Fake Solana Bots and Crash Predictors Push Rust Clipboard Hijacker via GitHub, SourceForge, and YouTube
A Rust-based clipboard hijacker campaign is luring cryptocurrency traders and online gamblers with fake sniper bots and crash predictors promoted through GitHub, SourceForge, and AI-generated YouTube content.
Check Point Research has uncovered a sophisticated Rust-based clipboard hijacker campaign that targets cryptocurrency users and online gamblers. The operation, tracked by the researchers, relies on a multi-platform social engineering strategy to distribute malware disguised as legitimate trading tools. The attack begins with a dedicated WordPress phishing page that promotes fake Solana sniper bots, Pump.fun automated trading tools, and Aviator crash-game predictors, all promising unfair advantages to users chasing quick profits.
The threat actor has built an extensive cross-platform ecosystem to lend credibility to these fraudulent tools. At least six GitHub accounts and several SourceForge projects host the malicious binaries, with artificially inflated star counts, forks, and download numbers generated by networks of fake accounts. A YouTube channel featuring AI-generated narrators and suspicious view spikes further reinforces the illusion of legitimacy, alongside coordinated comments that appear to be from real users.

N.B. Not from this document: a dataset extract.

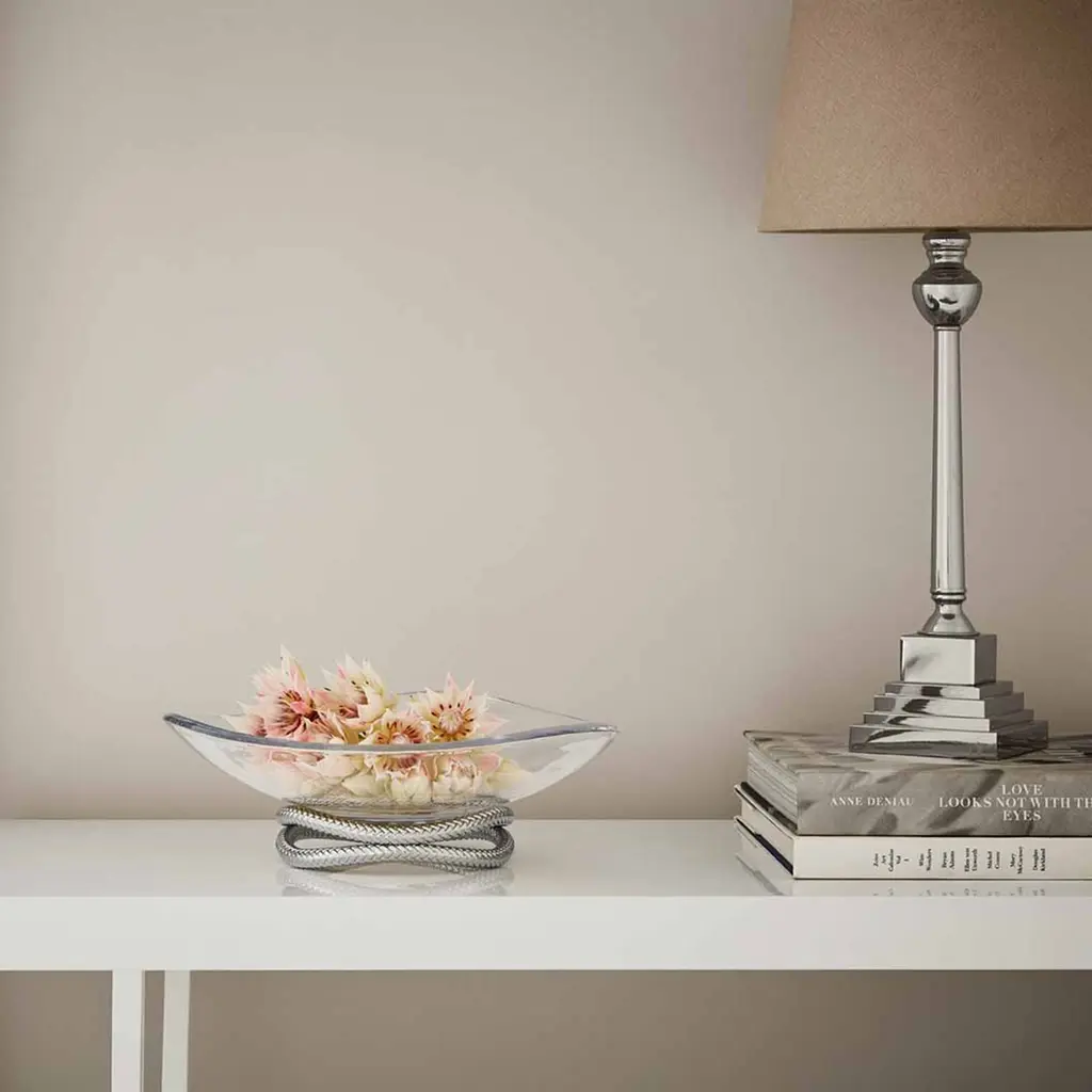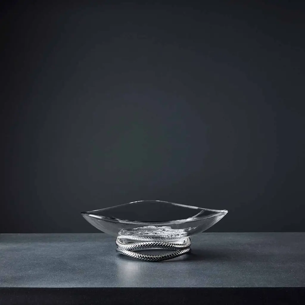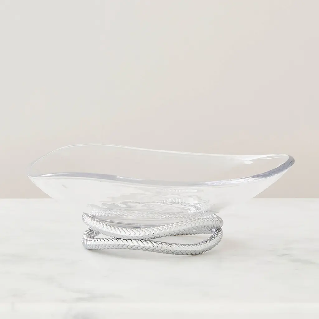 Artful coils formed of brightly gleaming chrome decorate this sculptural glass serving piece from Nambé.

The social engineering extends to VirusTotal, where some samples from this campaign have received benign votes and "safe" comments from fake accounts. This manipulation, combined with the malware's low initial detection rate, creates a misleading impression of safety that can mislead both end users and reputation-based detection systems. Additionally, the actor has promoted these tools through paid or compromised posts on legitimate news websites, placing the malware alongside trusted content.
Once victims download and execute the promised tool, they receive a Rust-based clipboard hijacker compiled for both Windows and macOS. The binary establishes persistence on the infected machine and continuously monitors the system clipboard for strings that match cryptocurrency wallet address patterns. When detected, the malware automatically replaces the victim's intended wallet address with an attacker-controlled address from a large embedded list, redirecting cryptocurrency payments to the threat actor's wallets.

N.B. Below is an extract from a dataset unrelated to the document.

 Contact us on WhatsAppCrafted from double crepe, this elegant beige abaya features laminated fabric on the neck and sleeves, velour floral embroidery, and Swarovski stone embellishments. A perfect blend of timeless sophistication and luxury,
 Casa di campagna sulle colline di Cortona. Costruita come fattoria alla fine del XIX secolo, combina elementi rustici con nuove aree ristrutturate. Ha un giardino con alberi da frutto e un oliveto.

The attacker-controlled wallets have already received multiple transactions, indicating significant illicit gains from the campaign. The researchers estimate that over 5,000 downloads have occurred from GitHub alone, with more than 1,250 of those associated with the macOS version of the Aviator Predictor tool. This demonstrates the campaign's broad reach across both major desktop operating systems and its focus on users who are actively seeking automated trading and gambling advantages.

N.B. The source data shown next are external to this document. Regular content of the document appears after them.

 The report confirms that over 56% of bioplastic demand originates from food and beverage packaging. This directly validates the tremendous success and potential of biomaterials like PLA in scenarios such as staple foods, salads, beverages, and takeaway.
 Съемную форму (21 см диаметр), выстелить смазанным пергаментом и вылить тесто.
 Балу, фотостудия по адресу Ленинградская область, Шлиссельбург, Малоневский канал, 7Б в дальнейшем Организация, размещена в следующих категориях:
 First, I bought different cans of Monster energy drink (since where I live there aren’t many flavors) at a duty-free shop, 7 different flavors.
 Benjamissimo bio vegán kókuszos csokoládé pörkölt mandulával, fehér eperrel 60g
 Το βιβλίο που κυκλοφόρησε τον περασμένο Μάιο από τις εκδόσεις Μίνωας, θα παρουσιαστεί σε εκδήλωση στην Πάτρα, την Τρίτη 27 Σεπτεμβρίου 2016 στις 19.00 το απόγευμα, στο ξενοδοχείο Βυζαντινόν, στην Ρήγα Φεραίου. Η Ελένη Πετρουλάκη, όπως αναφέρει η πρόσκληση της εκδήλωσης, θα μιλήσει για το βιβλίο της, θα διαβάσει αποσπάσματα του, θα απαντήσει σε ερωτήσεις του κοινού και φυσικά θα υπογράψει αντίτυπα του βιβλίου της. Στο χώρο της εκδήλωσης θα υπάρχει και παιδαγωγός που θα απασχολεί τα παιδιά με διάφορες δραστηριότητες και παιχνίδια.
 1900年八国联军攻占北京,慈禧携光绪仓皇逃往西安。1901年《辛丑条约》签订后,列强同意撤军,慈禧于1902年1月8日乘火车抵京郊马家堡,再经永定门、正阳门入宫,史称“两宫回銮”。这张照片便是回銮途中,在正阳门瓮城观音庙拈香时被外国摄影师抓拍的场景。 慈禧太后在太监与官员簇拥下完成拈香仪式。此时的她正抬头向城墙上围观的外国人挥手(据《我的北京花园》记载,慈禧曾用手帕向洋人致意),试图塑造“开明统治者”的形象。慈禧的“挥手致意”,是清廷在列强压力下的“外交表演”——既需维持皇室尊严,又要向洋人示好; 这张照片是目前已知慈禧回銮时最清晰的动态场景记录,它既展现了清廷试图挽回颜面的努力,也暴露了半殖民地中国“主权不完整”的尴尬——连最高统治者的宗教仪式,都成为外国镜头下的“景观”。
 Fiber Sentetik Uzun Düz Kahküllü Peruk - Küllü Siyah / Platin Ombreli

The campaign's multi-platform approach represents an evolution in social engineering tactics for malware distribution. By leveraging fake reputation signals across GitHub, SourceForge, YouTube, and VirusTotal simultaneously, the threat actor creates a convincing veneer of legitimacy that is difficult for users to verify independently. Check Point's research underscores the growing sophistication of cryptocurrency-targeting campaigns and the need for users to vet software sources carefully, particularly when promises of automated profits are involved.